In spite of these limitations, we believe that our data are suggestive of a real association between decreased acetabular coverage and the presence of GTPS. Future studies could consider performing prospective comparative studies of GTPS findings in patients with and patients without borderline or frank acetabular dysplasia, or retrospective case-control studies with larger patient populations that would permit matching based on sex.

Conclusion

Women had a 5.4 times increased likelihood of GTPS compared with men. An increased Tönnis angle appeared to be an independent risk factor for GTPS when controlling for patient age, BMI, and sex. This may indicate that decreased bony hip stability predisposes patients to GTPS via overuse of the hip abductors during dynamic stabilization of the femoroacetabular articulation.

Acknowledgment

The authors acknowledge Dr Rehan Dawood for his assistance in data collection. The senior author acknowledges Dr Anil Ranawat, whose spirited teaching provided the impetus for this study.

Footnotes

Final revision submitted July 15, 2020; accepted August 10, 2020.

The views expressed in this article reflect the results of research conducted by the authors and do not necessarily reflect the official policy or position of the Department of the Navy, Department of Defense, or the United States Government.

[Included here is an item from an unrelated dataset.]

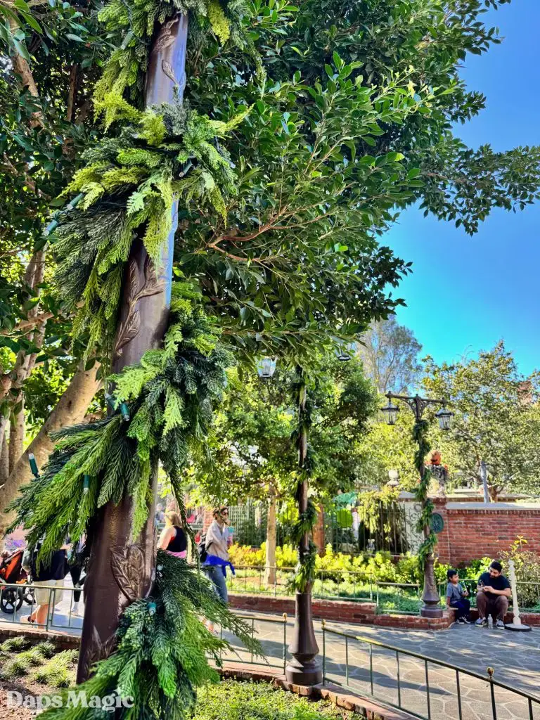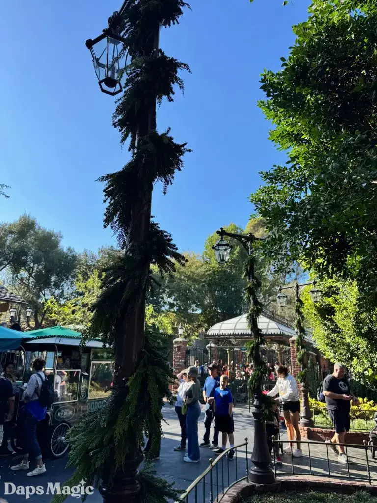Sleeping Beauty Castle isn’t the only thing getting ready for the holidays, however. Over in Magnolia Park, decorations are beginning to appear as well! While it is just wrapped, natural-looking garland currently, it is very possible that more will appear at a later date. Check out the photos here:

One or more of the authors has declared the following potential conflict of interest or source of funding: G.C.B. has received grant support from Arthrex, education payments from Arthrex/Supreme Orthopedic Systems and Smith & Nephew, and hospitality payments from Stryker. AOSSM checks author disclosures against the Open Payments Database (OPD). AOSSM has not conducted an independent investigation on the OPD and disclaims any liability or responsibility relating thereto. Research data from this article were derived from an approved Naval Medical Center Portsmouth, Portsmouth, Virginia IRB, protocol (No. NMCP.2019.0065).